Second, what do I mean by the term “gospel of the Kingdom”? Briefly, it is the good news of salvation in Jesus Christ but stated in such a way as to also emphasize Jesus’ Lordship, that He has been made King through His death, burial and resurrection – King, not of some ethereal land to which disembodied spirits fly upon death, but of the here and now, this present age as well as the age to come.

Returning to the previous question: evil exists and what am I going to do about it? Clearly I am not able to eradicate all the evil in the world, or even my country, or my state, or my county, or my city, or inside me. Yet as a Christian I am not given the option to sit idly by and give up, to wait for someone else to act, or to say that Jesus will simply make things right when He returns. (This He will most certainly do.) Neither am I to pretend that evil doesn’t exist and focus on purely “spiritual” endeavors. No, since the spiritual and the secular have been eternally united in the body of Jesus and now in His followers (via the presence of the Holy Spirit), there is work to be done in the meantime.

When considering how to fight against evil and witness for the Kingdom, I am reminded of Matthew 5-7, commonly referred to as “The Sermon on the Mount.” This passage is a great starting point for considering how one is to respond to the presence of evil in the world. For instance, in 5:13 Jesus says, “You are the salt of the earth…” and in 5:14 and 16 He says, “You are the light of the world…In the same way, let your light shine before others that they may see your good deeds and glorify your Father in Heaven.” What Jesus was saying is that our lives are to be completely different than the worlds’ citizens (i.e., be like Christ) and are to be on full display for all to see. We are to follow our King and act as He did. This involves not only proclaiming the good news of salvation but also of reminding the world that there is another King, a true King, and He not only reigns but is also returning.

From this point on, my blog will be the outworking of this thinking as I look at different issues, some political/policy, some cultural, some within the (American/Western) Christian subculture, some other, and consider them in the light of the Kingdom. I do this because the problem of evil was settled by the cross and the resurrection and will be finally completed by the return of the King, the new heaven and the new earth.
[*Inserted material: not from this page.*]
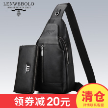 伦威保罗真皮胸包男士斜挎包牛皮男包单肩包旅行休闲外出背包韩版

When the perishable has been clothed with the imperishable, and the mortal with immortality, then the saying that is written will come true: “Death has been swallowed up in victory.” “Where, O death, is your victory? Where, O death, is your sting?” The sting of death is sin, and the power of sin is the law. But thanks be to God! He gives us the victory through our Lord Jesus Christ.

-1 Corinthians 15:54-57


[i] Personally, I tend to hold a modified version of what is known as the “Free Will Defense.” In my opinion, Adam and Eve were created morally pure and with free will, which allowed them to choose good but also allowed them to choose evil. When they chose to partake from the tree of the knowledge of good and evil, their actions permanently corrupted both mankind and all creation. That corruption has been passed down from generation to generation, from father to child, and has resulted in the world in which we now live.